**EXERCISE BRIEF**
Within the entries below, please return exactly the lines from the one with "Tadinya untuk macaroni" through the one with "Ajooba Labels is", leaving out any pictures.

**TASK MATERIAL**

#####

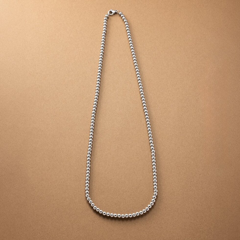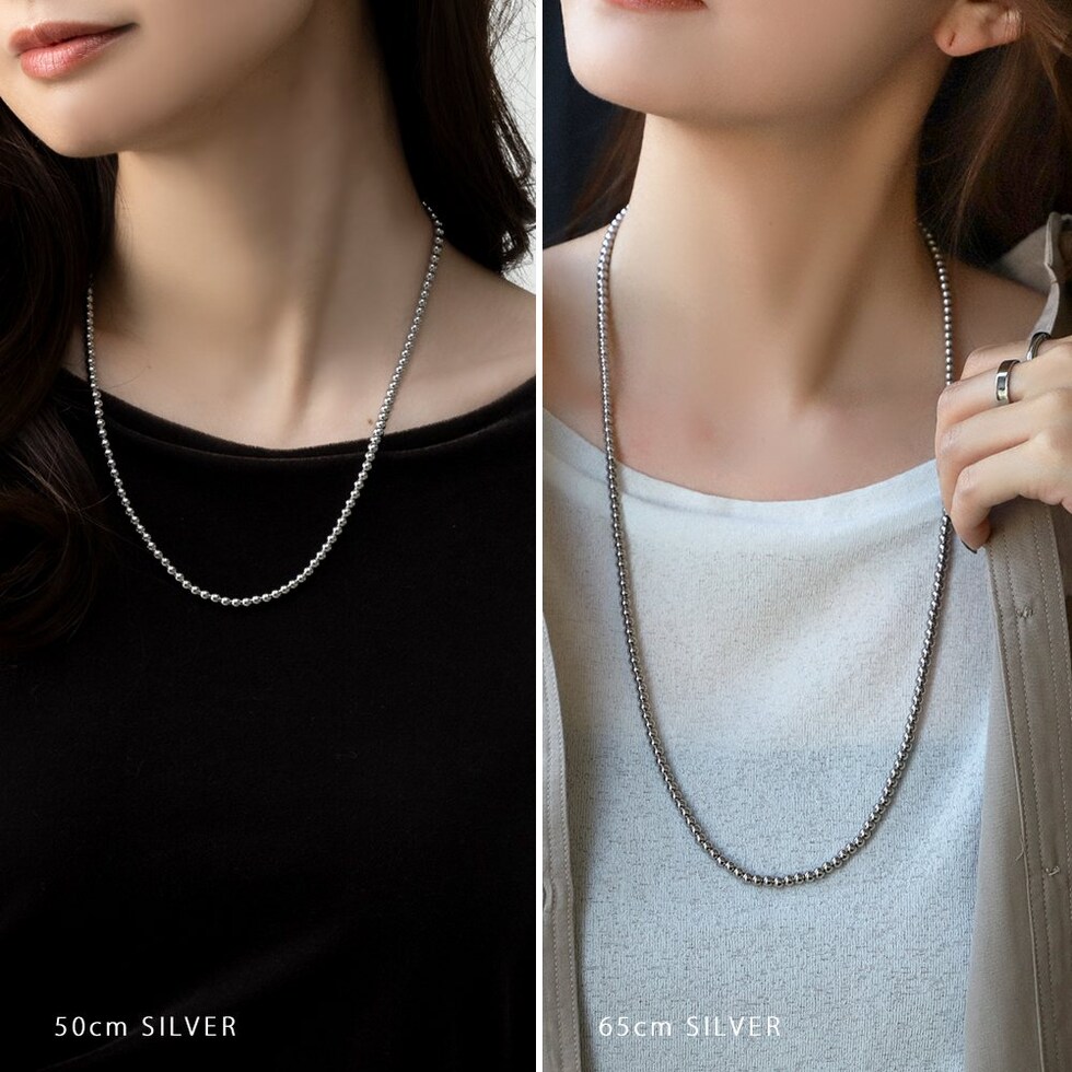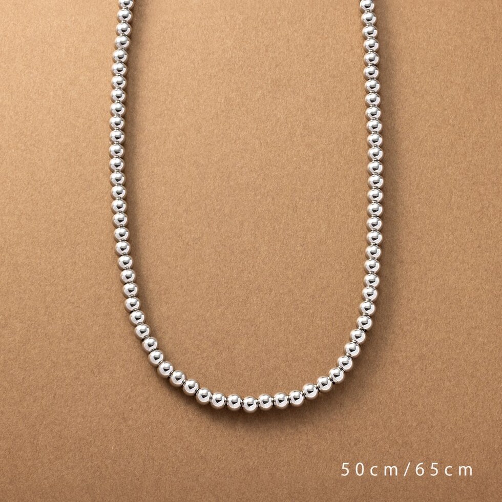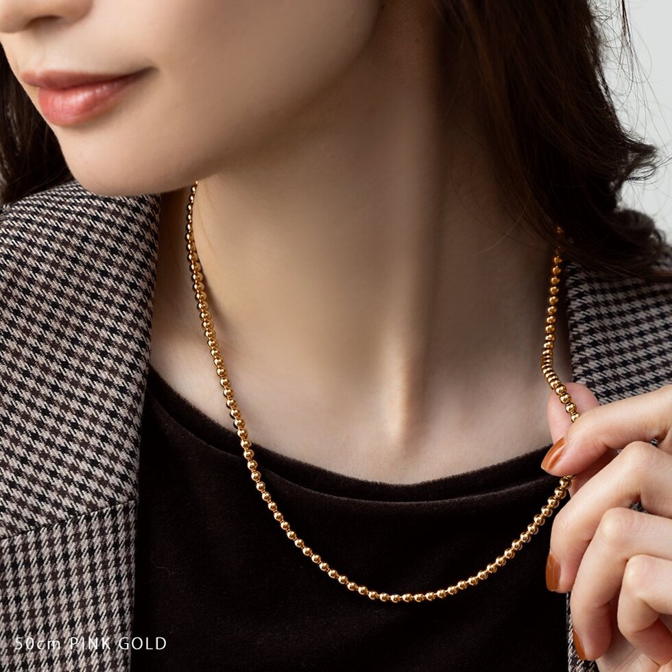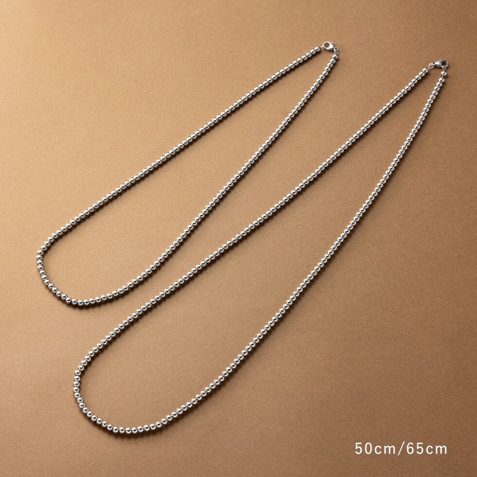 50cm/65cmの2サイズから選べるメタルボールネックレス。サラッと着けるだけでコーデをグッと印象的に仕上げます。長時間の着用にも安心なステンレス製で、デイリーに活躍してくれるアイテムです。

#####

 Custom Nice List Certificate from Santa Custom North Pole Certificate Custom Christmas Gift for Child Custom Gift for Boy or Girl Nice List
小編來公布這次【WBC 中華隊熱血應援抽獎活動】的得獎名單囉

#####

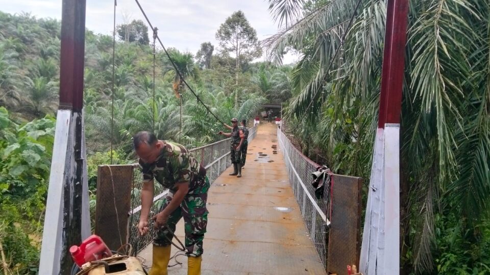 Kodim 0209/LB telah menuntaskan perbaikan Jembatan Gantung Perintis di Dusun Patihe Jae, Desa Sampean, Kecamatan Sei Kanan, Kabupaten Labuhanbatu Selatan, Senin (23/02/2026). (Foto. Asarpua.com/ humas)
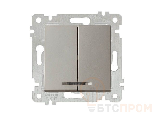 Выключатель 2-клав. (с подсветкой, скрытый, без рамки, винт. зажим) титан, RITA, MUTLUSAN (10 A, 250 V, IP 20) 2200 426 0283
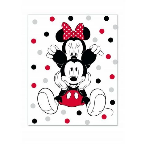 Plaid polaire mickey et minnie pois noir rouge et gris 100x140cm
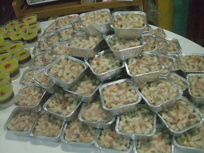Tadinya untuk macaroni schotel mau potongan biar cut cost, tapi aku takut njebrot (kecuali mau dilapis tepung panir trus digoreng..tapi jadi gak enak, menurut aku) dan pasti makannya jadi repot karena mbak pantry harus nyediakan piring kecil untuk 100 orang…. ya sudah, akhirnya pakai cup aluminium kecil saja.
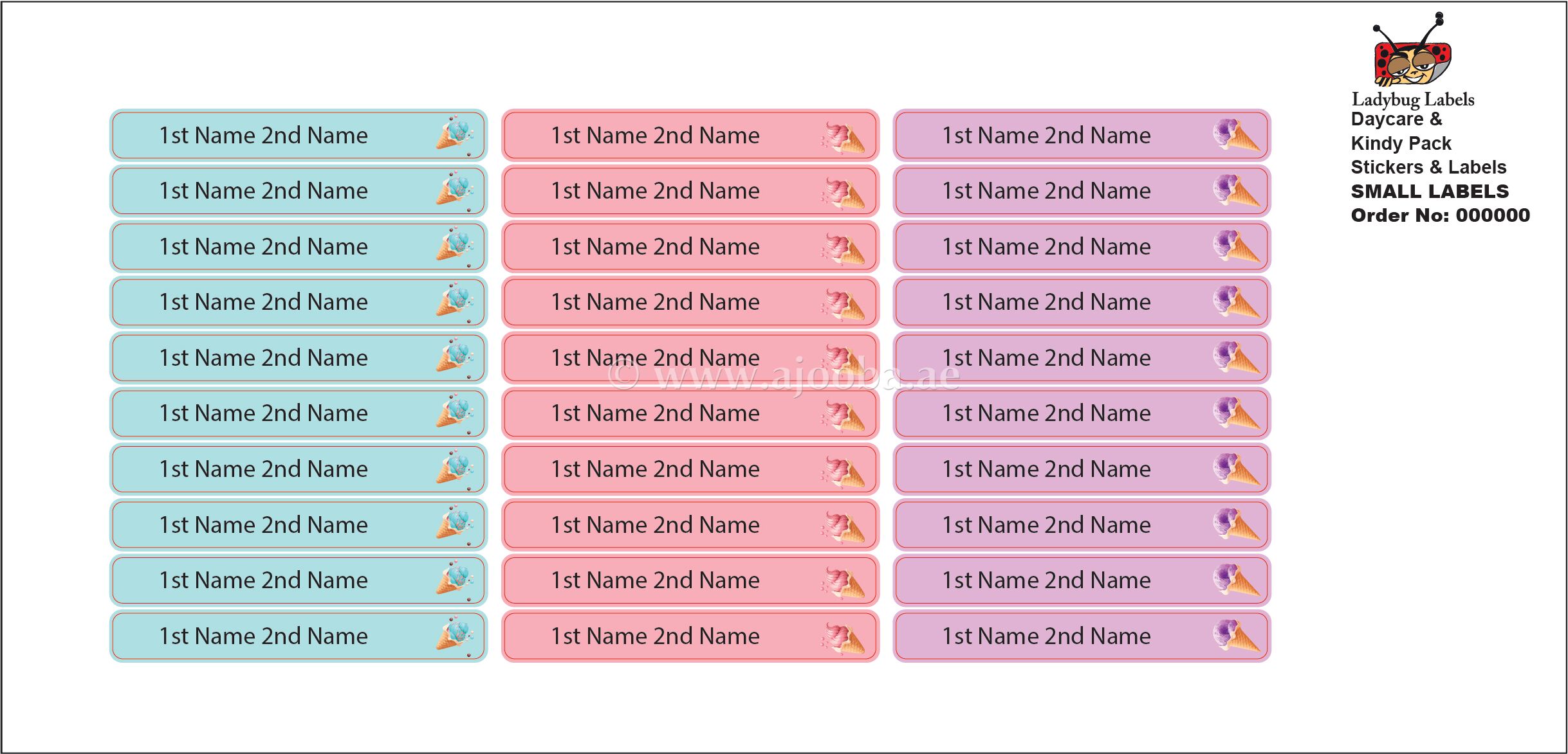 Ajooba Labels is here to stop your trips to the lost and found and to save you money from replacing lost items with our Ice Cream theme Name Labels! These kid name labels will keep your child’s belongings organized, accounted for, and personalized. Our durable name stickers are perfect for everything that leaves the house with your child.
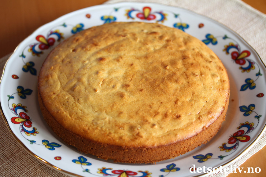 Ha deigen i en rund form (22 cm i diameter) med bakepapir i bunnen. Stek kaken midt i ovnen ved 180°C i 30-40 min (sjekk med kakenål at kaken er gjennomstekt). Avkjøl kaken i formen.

#####

**SOLVED PROBLEM**
Tadinya untuk macaroni schotel mau potongan biar cut cost, tapi aku takut njebrot (kecuali mau dilapis tepung panir trus digoreng..tapi jadi gak enak, menurut aku) dan pasti makannya jadi repot karena mbak pantry harus nyediakan piring kecil untuk 100 orang…. ya sudah, akhirnya pakai cup aluminium kecil saja.
 Ajooba Labels is here to stop your trips to the lost and found and to save you money from replacing lost items with our Ice Cream theme Name Labels! These kid name labels will keep your child’s belongings organized, accounted for, and personalized. Our durable name stickers are perfect for everything that leaves the house with your child.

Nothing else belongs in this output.